FEATURE ARTICLE
Foams and Honeycombs
For centuries, the precise architecture of soap foams has been a source of wonder to children and a challenge to mathematicians
Erica Klarreich
Constructing Real Foams
At this point you may be wondering why one would not simply build a foam out of equal-volume bubbles and look at the configuration it forms. In fact, over the years many have tried the experiment. Until recently, the best known of these efforts were experiments conducted in the 1940s by the physicist Edwin Matzke, who created a foam of 1,900 bubbles one bubble at a time, using a syringe. At the end of this laborious procedure, he examined 600 bubbles at the center of the foam. Matzke found that the average number of sides belonging to each cell was very close to 14 (the number of sides of Kelvin's truncated octahedron), but he did not find a single copy of Kelvin's cell. In fact, he did not discover any ordered pattern at all. In an amusing address in 1950 to the Torrey Botanical Club at Columbia University, he warned of the dangers of leaping from mathematical models to real-world conclusions "in the twinkling of an eye."

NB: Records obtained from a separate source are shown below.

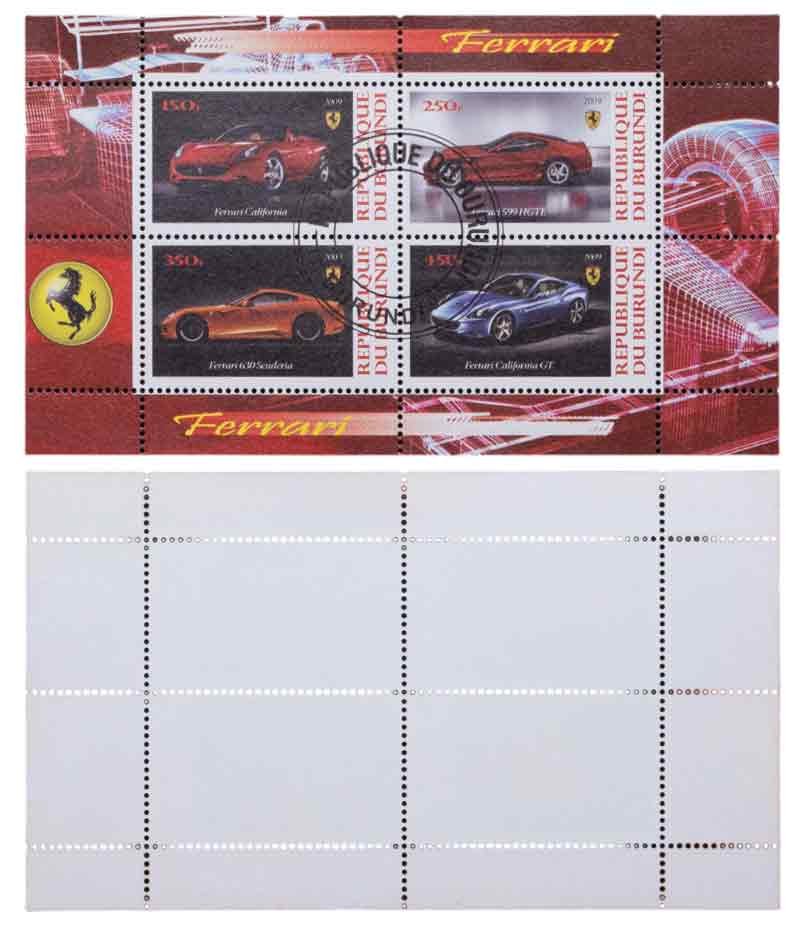 Купить Бурунди марки квартблок "Феррари. Автомобили. Гонки" 150, 250, 350, 450 франков 2009
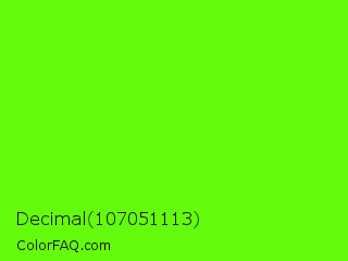Decimal 107051113 Color is a normal green color and the nearest color is Bright Green #66ff00. Hex code #64fb0d and RGB value is rgb(100,251,13). In RGB color space, this color is composed of 39% red, 98% green, 5% blue, In CMYK color space, this color is composed of 60% cyan, 0% magenta, 95% yellow , 2% black , In HSL color space, this color has a hue angle of 98° , 97% saturation and 52% lightness.
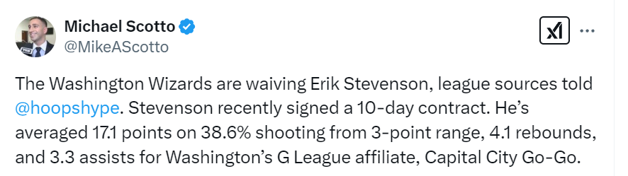 被奇才裁掉的史蒂文森,在G联赛场均17.1分4.1篮板3.3助攻,三分命中率38.6%。和奇才签下10天短合同后,他并没有得到任何出场机会。
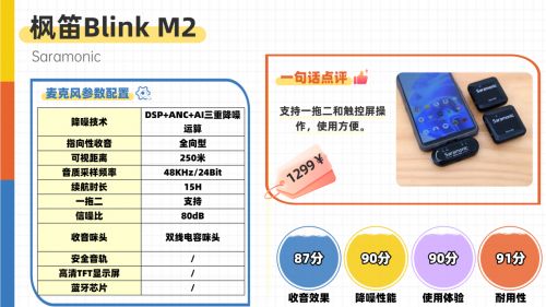 总体来说,枫笛Blink M2集双发无损收音、智能降噪、全设备兼容与长续航于一身,是一款真正适配新手进阶与专业轻量创作的全能型无线领夹麦。如果你想以中端价格享受轻量专业的收音体验,兼顾便携性与实用性,它无疑是该价位段的优选之一。
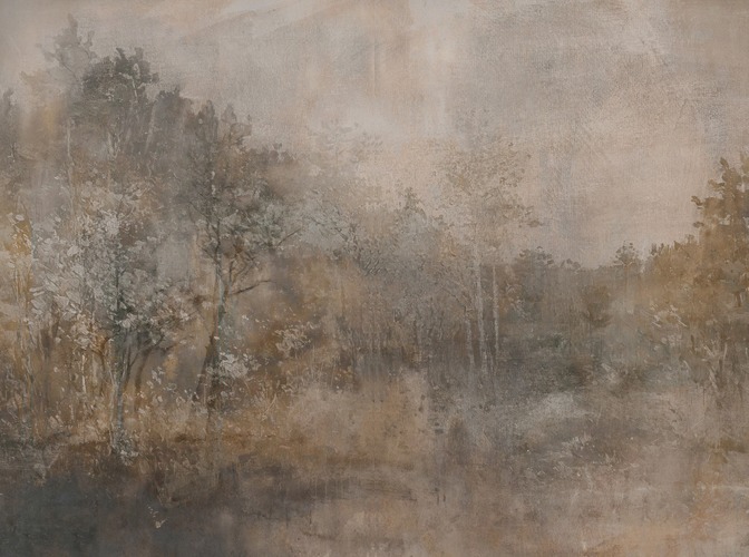 MUDECOR Premium Framed Misty Pine est Soft Tone Nature Landscape Illustrations Fine Decorative Retro Historic Zen Living Room Bedroom Office Gold
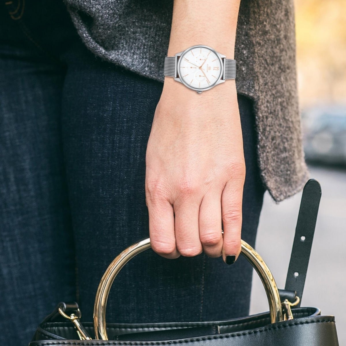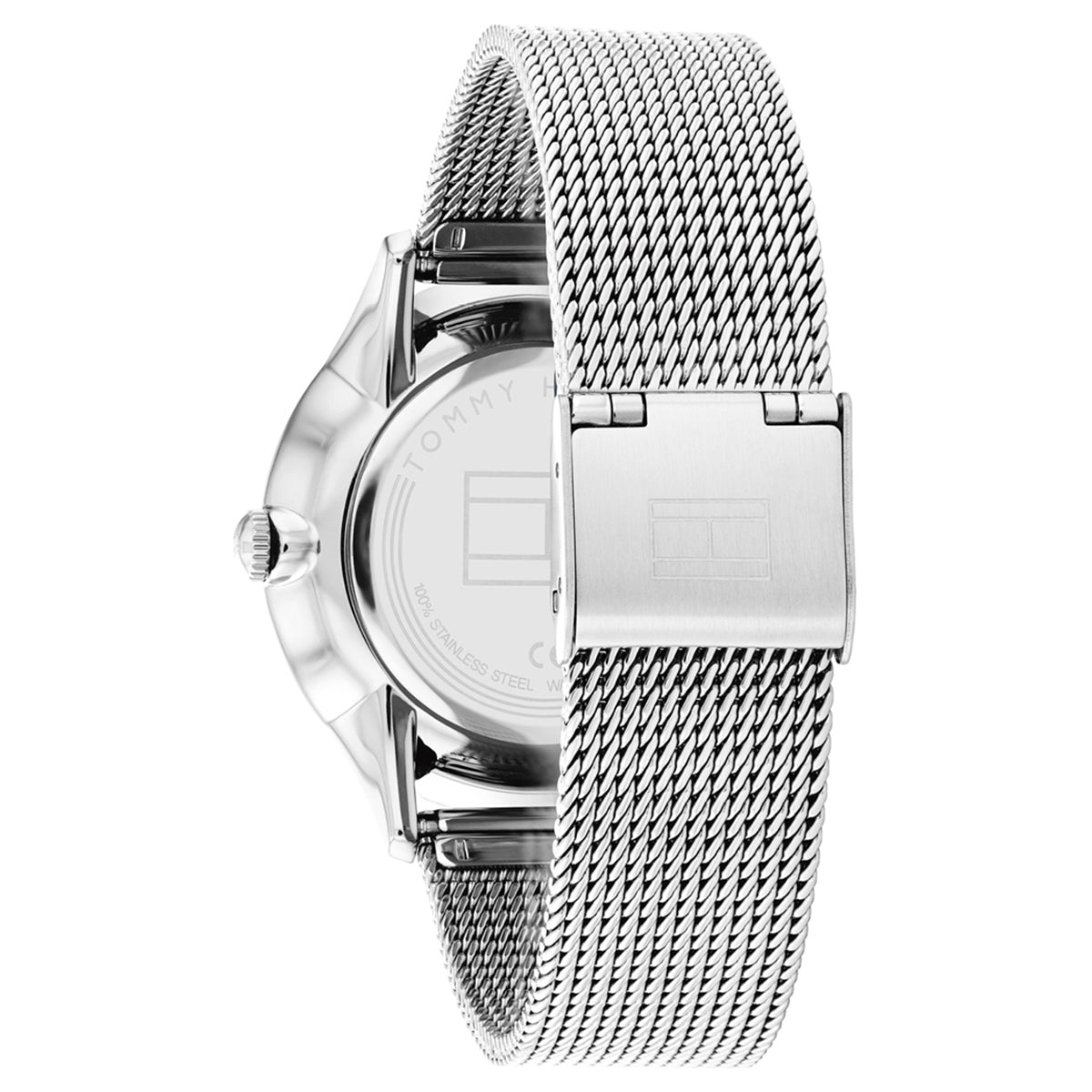 Women's Chronograph Watch from the Layla Collection By Tommy Hilfiger. Chronograph Watch With Round Case Of Size 38Mm Of Silver Color Made Of Silver Steel. The dial is white. The glass is mineral. The strap is in silver-colored mesh steel. Functions: Multifunction. The Resistance to Water is 3 Atm. The reference is 1782456.

For many years, Matzke's experiments appeared to have closed the subject. Weaire and Phelan, however, suspected that his observations were misleading. Matzke's method for creating a foam was so time-consuming that often a full day elapsed between the creation and the measurement of a bubble. This opened the door to serious errors, because as time passes, air tends to leak across foam walls from one bubble to another, altering their size and shape. Weaire and Phelan decided to try the experiment anew, and they built a foam using the time-honored and speedy method of blowing bubbles through a straw. They found several of Kelvin's cells near the surface of the foam and, deeper inside, several small fragments similar to their own structure. Weaire and Phelan observed that "with the benefit of hindsight, it would appear that the subject has suffered in the past from an excess of theorizing and a shortage of experiments." As techniques for building foams are refined, it may be hoped that they will produce clearer and clearer pictures of the structures that nature chooses for its foams.

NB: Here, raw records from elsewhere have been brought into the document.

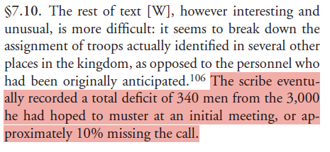 "The scribe eventually recorded a total defi cit of 340 men from the 3,000 he had hoped to muster at an initial meeting, or approximately 10% missing the call."
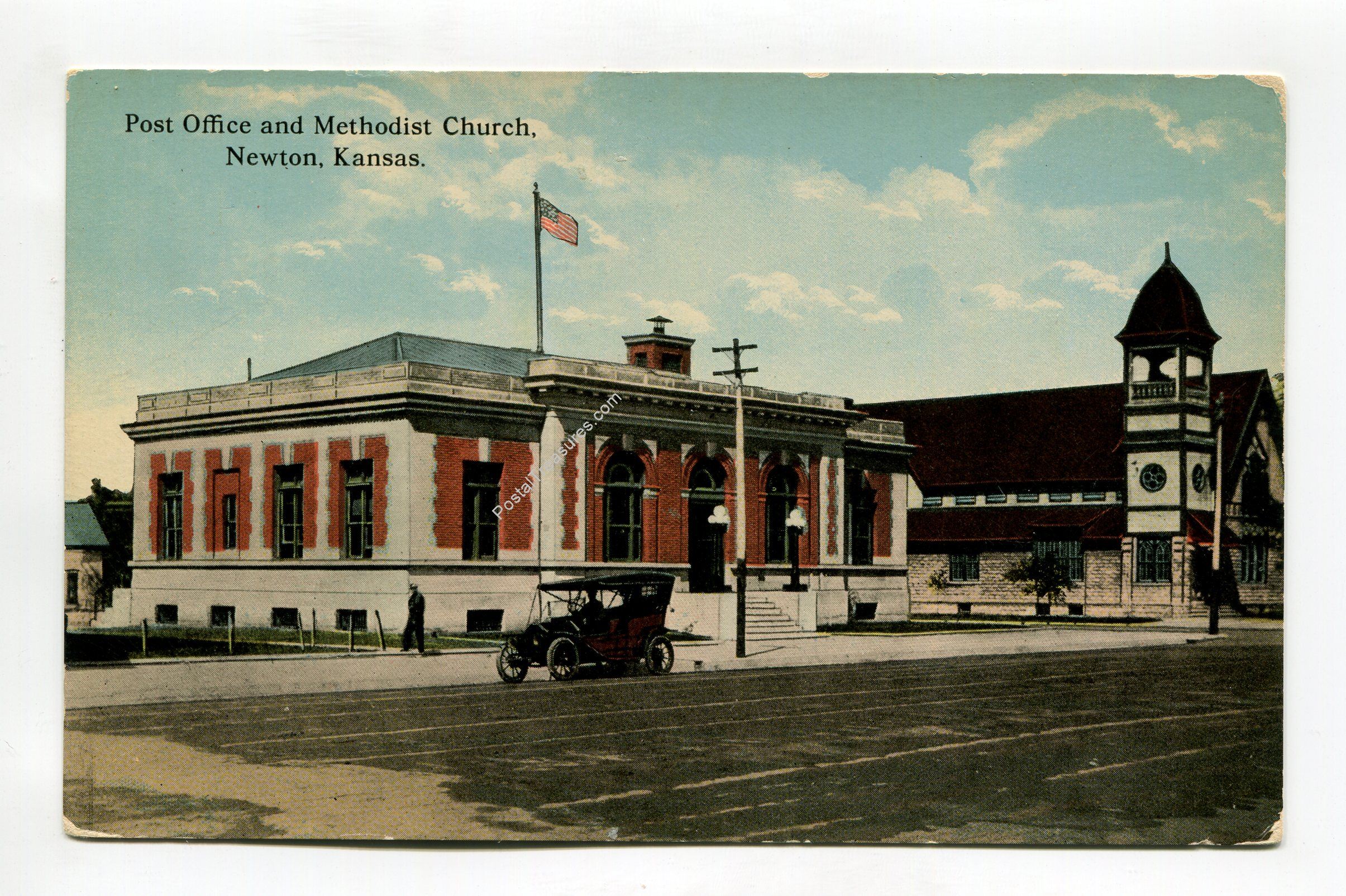 Post Office and Methodist Church Newton Kansas postcard
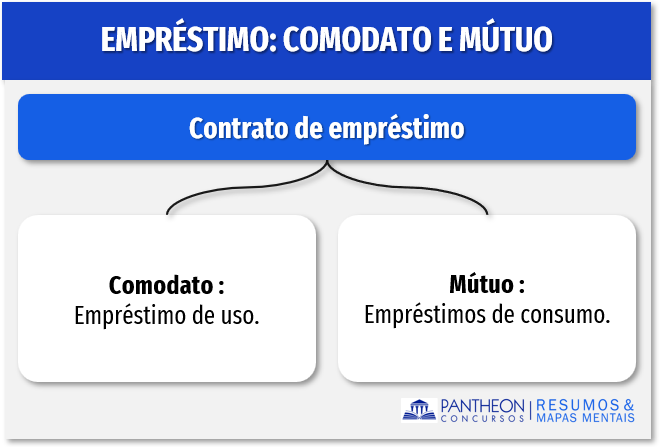 Portanto, esse contrato é unilateral e gratuito. O CC, divide o contrato de empréstimo em duas espécies: o comodato (empréstimo de uso) e o mútuo (empréstimos de consumo).
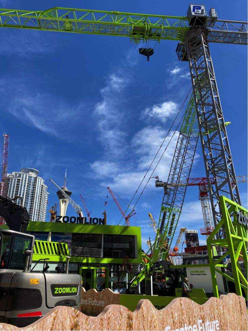 聳立在拉斯維加斯展場的極光綠塔機(jī)是中聯(lián)重科熱銷的新款T8030-25塔機(jī)?;诘聡?/span>JOST技術(shù)、結(jié)合美國標(biāo)準(zhǔn),中聯(lián)重科研發(fā)了T8030-25塔機(jī)。經(jīng)過四年的市場驗(yàn)證和改進(jìn),中聯(lián)重科和代理商P&J Arcomet公司共同為北美市場設(shè)計(jì)了性能更強(qiáng)大、品質(zhì)更可靠的新款T8030-25塔機(jī)。

The overthrow of Kelvin's partition by a less symmetric, more complicated structure came as an intriguing, somewhat disturbing piece of news to scientists who believe that the best configuration should display beautiful symmetry. However, the Weaire-Phelan structure may enjoy only temporary status as the optimal foam structure. We should recall Penrose's dictum: When to us the contest may appear to be between two well-understood possibilities, nature may suddenly pull out of its hat a completely different and infinitely more elegant solution.